Le premier signe clinique est l'acholie des selles, mais il ne faut être conscient de la possibilité d'un passage du méconium et, par conséquent, de l'apparition de selles décolorées qu'au 4e-5e jour de la vie. La jaunisse apparaît le 2-3ème jour de la vie et au début de la deuxième semaine manifestations cutanées diminuer. Environ 66 % des patients développent un « léger trou » dans les 2 semaines. Puis la jaunisse réapparaît ou s'aggrave, acquérant une teinte verdâtre. Une augmentation de la taille du foie à la fin d'un mois de vie est caractéristique, bien qu'un épaississement de sa consistance puisse être détecté plus tôt. Dans les périodes ultérieures, il y a une augmentation et un épaississement significatifs du foie, un acholi constant des selles, il y a des signes hypertension portale, splénomégalie, prurit et xanthomes. La valeur diagnostique a une combinaison de signes cliniques caractéristiques avec le manque de visualisation de la vésicule biliaire à l'échographie. Les résultats de la biopsie hépatique par ponction et de la scintigraphie hépatobiliaire ont une valeur diagnostique supplémentaire. L'examen histologique de la biopsie hépatique révèle une destruction nécrotique-inflammatoire des voies biliaires extrahépatiques et intrahépatiques, des signes de bilirubine et une stase biliaire. Des cellules géantes et polynucléaires uniques, des foyers d'hématopoïèse extramédullaire peuvent être détectés. Par la suite, on note la formation de cholestase, de fibrose portale et périportale et de cirrhose (Fig. 8)

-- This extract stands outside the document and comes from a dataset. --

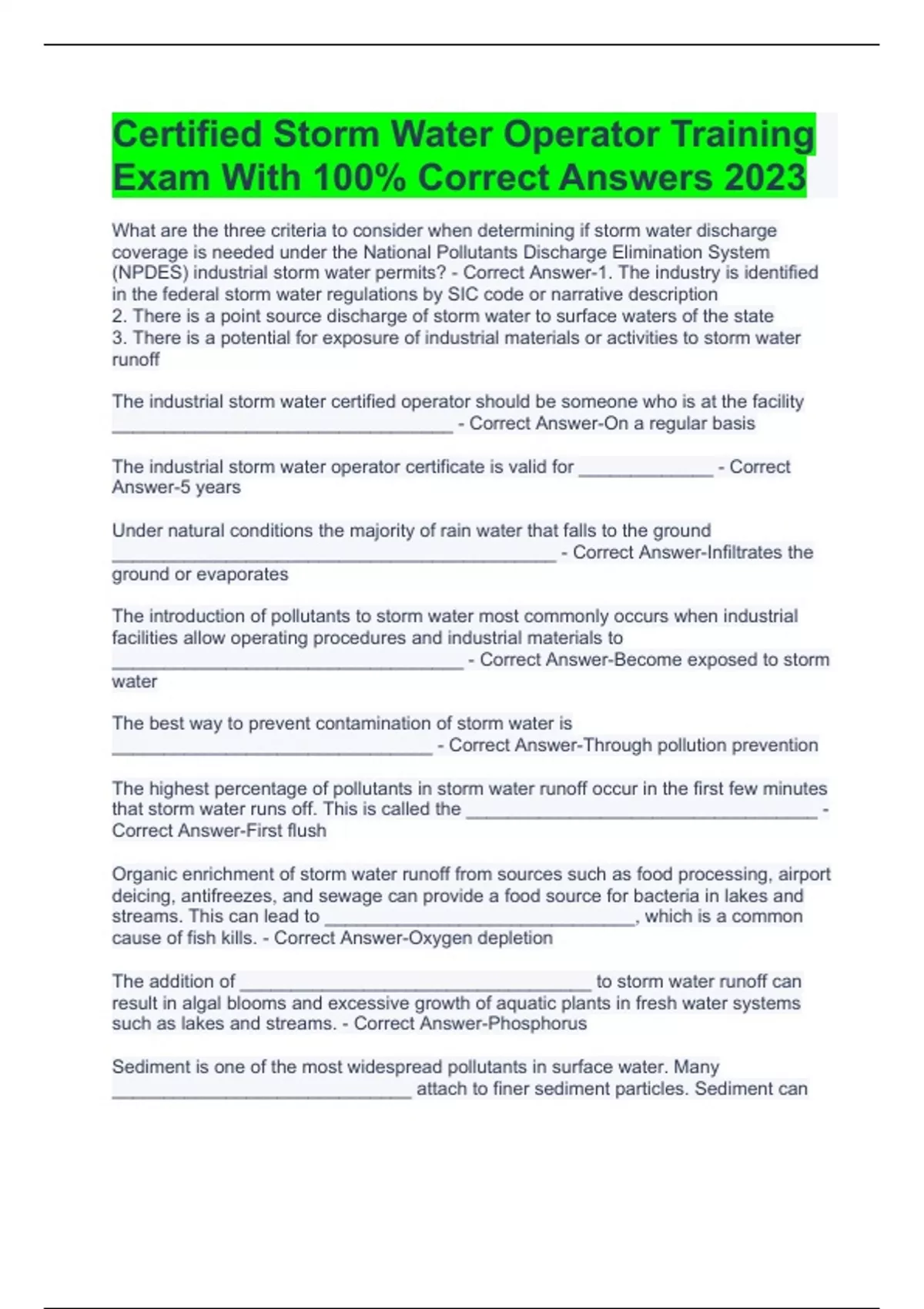 Certified Storm Water Operator Training Exam With 100% Correct Answers 2023

Riz. 8. Examen histologique d'une biopsie hépatique dans une atrésie des voies biliaires extra-hépatiques.

Kyste du canal biliaire commun dans 2 à 5 % des cas, il provoque une violation complète de la perméabilité du système biliaire et peut donc être à l'origine d'une cholestase extrahépatique. Dans la plupart des cas, le kyste est associé à une atrésie des voies biliaires extrahépatiques. Les manifestations cliniques et biologiques ne diffèrent pas de celles de l'atrésie. La valeur diagnostique est l'échographie, qui révèle une formation de cavité dans la projection du canal biliaire principal.

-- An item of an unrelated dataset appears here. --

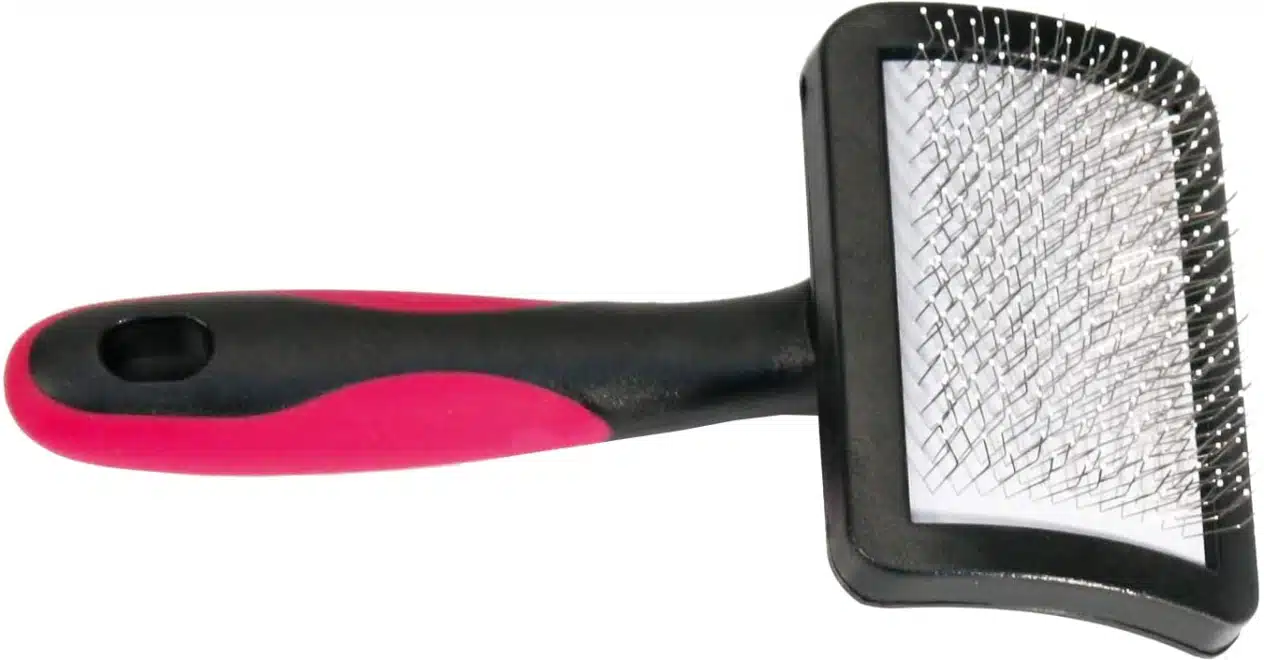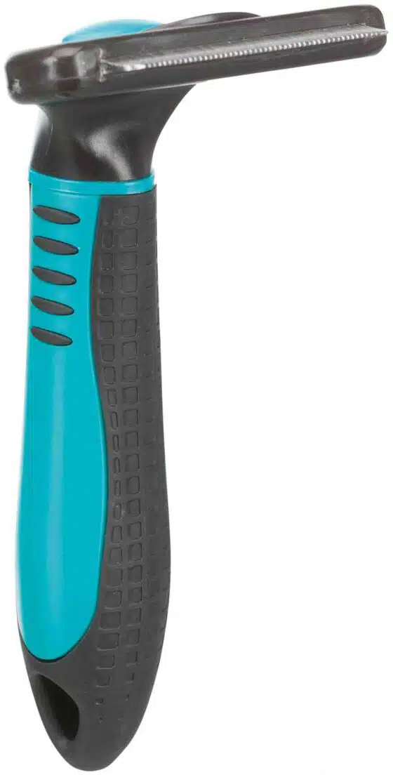 A tool for removing undercoat, especially useful for breeds with thick or double coats. A rake helps keep the coat in good condition by reducing tangling and shedding.

Ainsi, le développement du syndrome de cholestase chez les nouveau-nés peut être le résultat d'un large éventail de causes avec la localisation du défaut pathogénétique primaire à différents niveaux du système hépatobiliaire. Les mécanismes pathogénétiques de diverses maladies reflètent un complexe de symptômes cliniques et de laboratoire caractéristique, important pour le diagnostic. Quelle que soit la cause, une violation de l'écoulement de la bile conduit à la prise de conscience des effets toxiques de ses différents composants et à l'implication d'autres organes et systèmes dans le processus pathologique.